• AVAILABLE RECORDS:
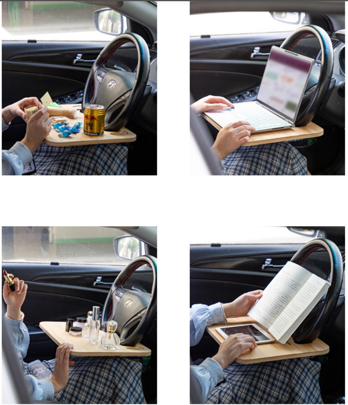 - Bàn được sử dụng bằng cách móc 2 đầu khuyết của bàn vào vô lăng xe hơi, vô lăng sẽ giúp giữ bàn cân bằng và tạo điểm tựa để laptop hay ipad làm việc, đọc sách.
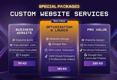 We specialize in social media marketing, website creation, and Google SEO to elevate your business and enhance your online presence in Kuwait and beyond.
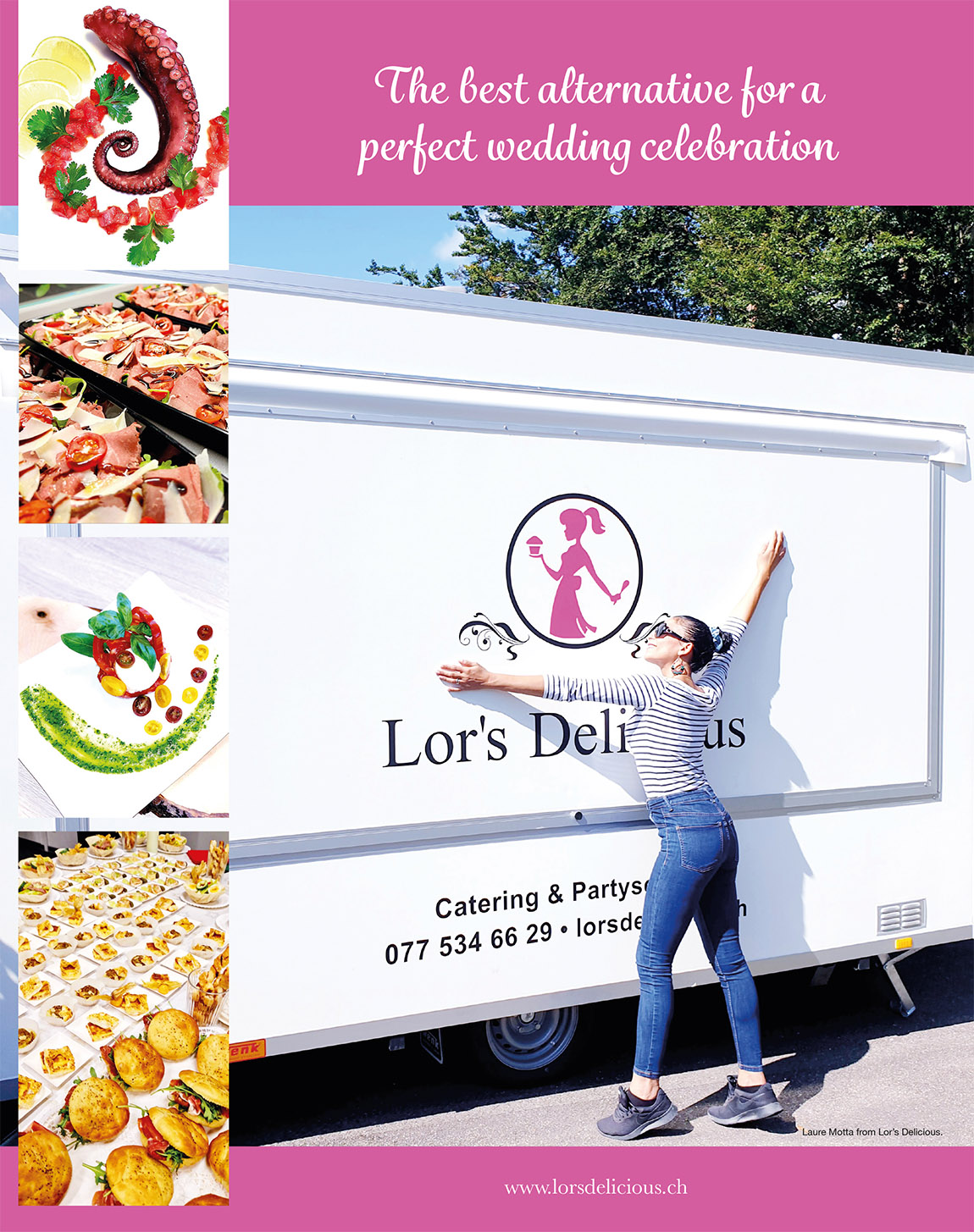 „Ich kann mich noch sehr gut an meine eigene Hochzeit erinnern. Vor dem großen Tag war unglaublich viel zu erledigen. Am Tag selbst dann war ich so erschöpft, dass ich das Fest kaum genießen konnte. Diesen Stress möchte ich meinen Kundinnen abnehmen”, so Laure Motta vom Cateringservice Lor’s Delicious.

--

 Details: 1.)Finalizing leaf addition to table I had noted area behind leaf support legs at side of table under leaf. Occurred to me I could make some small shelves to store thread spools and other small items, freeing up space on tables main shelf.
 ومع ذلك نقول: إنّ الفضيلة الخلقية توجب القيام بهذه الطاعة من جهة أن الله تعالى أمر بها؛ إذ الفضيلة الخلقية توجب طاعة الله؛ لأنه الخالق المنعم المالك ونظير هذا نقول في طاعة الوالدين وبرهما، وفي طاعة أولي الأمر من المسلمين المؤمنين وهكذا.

• WORK REQUEST:
Leave the pictures out, and transcribe exactly the lines above starting at the one that contains "- Bàn được sử" and ending at the one that contains "Cateringservice Lor’s Delicious.".

• WRITTEN ANSWER:
 - Bàn được sử dụng bằng cách móc 2 đầu khuyết của bàn vào vô lăng xe hơi, vô lăng sẽ giúp giữ bàn cân bằng và tạo điểm tựa để laptop hay ipad làm việc, đọc sách.
 We specialize in social media marketing, website creation, and Google SEO to elevate your business and enhance your online presence in Kuwait and beyond.
 „Ich kann mich noch sehr gut an meine eigene Hochzeit erinnern. Vor dem großen Tag war unglaublich viel zu erledigen. Am Tag selbst dann war ich so erschöpft, dass ich das Fest kaum genießen konnte. Diesen Stress möchte ich meinen Kundinnen abnehmen”, so Laure Motta vom Cateringservice Lor’s Delicious.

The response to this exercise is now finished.